Growing up Catholic, my family would go to mass every Sunday, with an occasional skipping of one Sunday for family vacations here and there. If we couldn’t make it on Sunday, we would go Saturday night. This was all a part of my weekend routine. Now, as a 20 year old college student, I have decided to continue furthering my faith. I am blessed to go to a Franciscan Catholic College which gives me opportunities to grow spiritually alongside my peers. And it’s not uncommon for me to attend mass 2-3 times every Sunday just because I love the people who go and all that I get out of college mass. While College has truly taught me more about my faith, being abroad has pushed me closer to God than I ever thought it would. I have been forced to lean upon His strength when He was the only comforting and familiar voice I knew. I left for a country across the world with just Him and I, and I continue trusting that He is with me through this entire process.

This past week, my class was invited to a Monastery to have dinner and practice meditation with the Buddhist nuns in Dalat. It was a beautiful experience that I am very thankful for. As we entered, we were given robes and took our shoes off. We sat tall on pillows as the nuns led us in a meditation.

In the Buddhist faith, meditation serves as an important tool for practicing mindfulness, being attentive to the true nature of one’s body and thoughts. The nun led us in a ten to fifteen minute silent meditation where we were to count our breaths. However, I didn’t follow the instructions and rather than focusing on my breathing, I decided to use to this time to sit with God in prayer. (I get that this defeated the purpose of a Buddhist mediation but a girl’s gotta do what a girl’s gotta do). This was a perfect chance to spend time in deep and meaningful prayer. No distractions! It was a form of my own meditation. This allotted time forced me into constant and undisrupted prayer.

I came out of this prayer time calm. I was able to acknowledge and thank God for the opportunities I’m having, the people I’m meeting, and the beauty of the country that I’m observing. However I also left with the strongest yearning for Eucharist. I have never gone this long without communion and I knew that prayer and rosaries were doing me good, but nothing is as important as taking part in the Liturgy of the Eucharist.

So Sunday came and I found myself a beautiful Catholic Cathedral to attend. Mass was at 7:00 am but for all that God is doing for me, waking up early was the least I could do. The mass was in Vietnamese so I was unable to understand the majority of the mass, but I was able to tell what part of the mass we were on and “Amen” is a universal word.

Walking up for communion was honestly the greatest feelings I have experienced here. I imagine I looked like a little kid in line to meet a Disney World character.

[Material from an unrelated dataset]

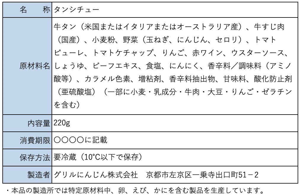 真空調理のタンシチューの食品表示は以下となります。
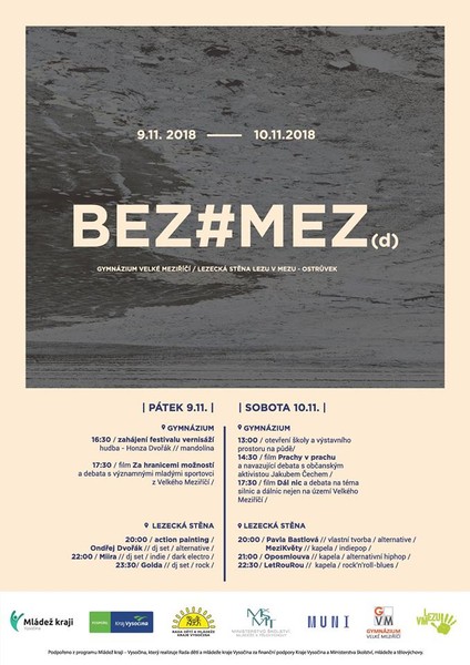 Program proběhne 9. a 10. listopadu v gymnáziu a v prostorách Lezu v Mezu. Vstup je zdarma. Podrobnější informace a novinky, či fotografie z minulého ročníku na https://www.facebook.com/FestivalBEZMEZd/.

I  was beaming, knowing that in a few more steps I would receive the Body of Christ. Language barriers have hindered my ability to understand at times, distance has made it hard, and fear has knocked on my door many times, but this entire experience has shown me that God is going no where. Whether it is in small town Connecticut, my college campus, or on the other side of the world, He is present always, in the hills and in the valleys of this journey.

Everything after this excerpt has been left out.